Text S4: Field collection and data processing of GPS ice surface motion measurements
Records of positional location were collected with a Trimble R7 dual-frequency global positioning system (GPS) receiver and Trimble Zephyr Geodetic antenna (Figure S6 ). The system was installed ~750 m SSE of the moulin near the ADCP gauging site at location 67.048°N, -49.018 °W, elevation 1211.43 m) The antenna was affixed to a 3.3 m schedule-40 aluminum rod drilled vertically 3 m into the ice. The aluminum rod-antenna setup was allowed to freeze overnight. The system was powered by a 40 W solar panel attached to a weatherproof Pelican hard case that enclosed the GPS receiver, batteries, and cables adjacent to the antenna. The ice sheet thickness at this location is ~934 m based on Bedmachine v3 (Morlighem et al., 2017). The entire system was provided by UNAVCO (formerly University NAVSTAR Consortium), with protocols for field installation and GPS receiver settings provided by UNAVCO geodetic support engineers. The GPS station recorded positions at 5-s intervals between 5 and 13 July 2016. A base station was also established on bedrock near the ice sheet terminus (67.150°N, 50.058°W, elevation 581.19 m) and recorded positions at 5-s intervals between 4 and 15 July 2016.

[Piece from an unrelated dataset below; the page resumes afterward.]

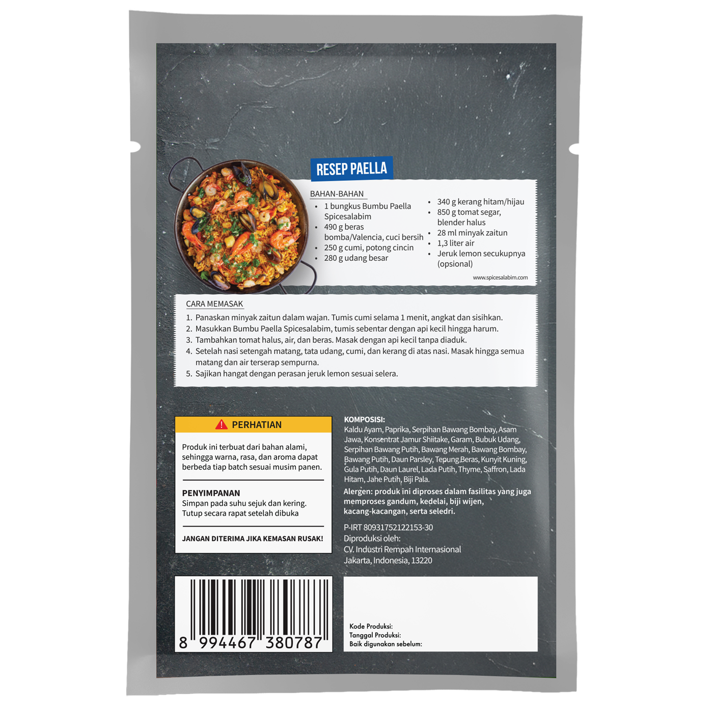 – Komposisi Bumbu Paella Spicesalabim – Kaldu Ayam, Paprika, Serpihan Bawang Bombay, Asam Jawa, Konsentrat Jamur Shiitake, Garam, Bubuk Udang, Serpihan Bawang Putih, Bawang Merah, Bawang Bombay, Bawang Putih, Daun Parsley, Tepung Beras, Kunyit Kuning, Gula Putih, Daun Laurel, Lada Putih, Thyme, Saffron, Lada Hitam, Jahe Putih, Biji Pala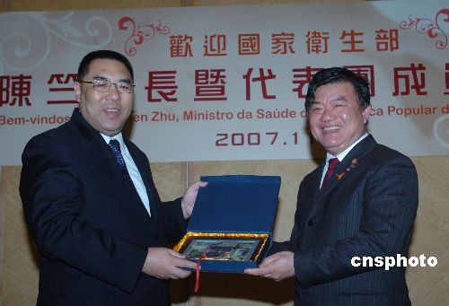 十一月十二日晚,澳門(mén)社會(huì)文化司司長(zhǎng)崔世安在旅游塔宴請(qǐng)國(guó)家衛(wèi)生部代表團(tuán)及本澳醫(yī)療衛(wèi)生團(tuán)體代表,歡迎陳竺部長(zhǎng)率領(lǐng)的國(guó)家衛(wèi)生部代表團(tuán)訪澳。圖為崔世安司長(zhǎng)(左)向陳竺部長(zhǎng)(右)贈(zèng)送禮品。 中新社發(fā) 史利 攝

Trimble binary receiver files were converted to RINEX observation files using runpkr00 v5.40 and TEQC utilities (Estey and Meertens , 1999). On-ice kinematic GPS positions were estimated using carrier-phase differential processing relative to the bedrock mounted reference station (baseline of ~47 km) using TRACK v1.28 (Chen , 1998) and final International GNSS Service satellite orbits following Andrews et al., 2018; Hoffman et al., 2011 . During processing, kinematic station motion was constrained on an epoch-by-epoch basis to 2,000 m yr-1 to permit rapid, short-term velocity changes. The 5-s time series was then smoothed with a 6-hr phase-preserving filter to eliminate spurious signals associated with GPS uncertainties and decimated to a 15-min time series. The smoothed x and y positions were used to calculate 6-hr velocities using a centered time window to limit aliasing that may result from using discrete time intervals. Uncertainties presented here are +/- one standard deviation of the 15-min binned 5-s position data.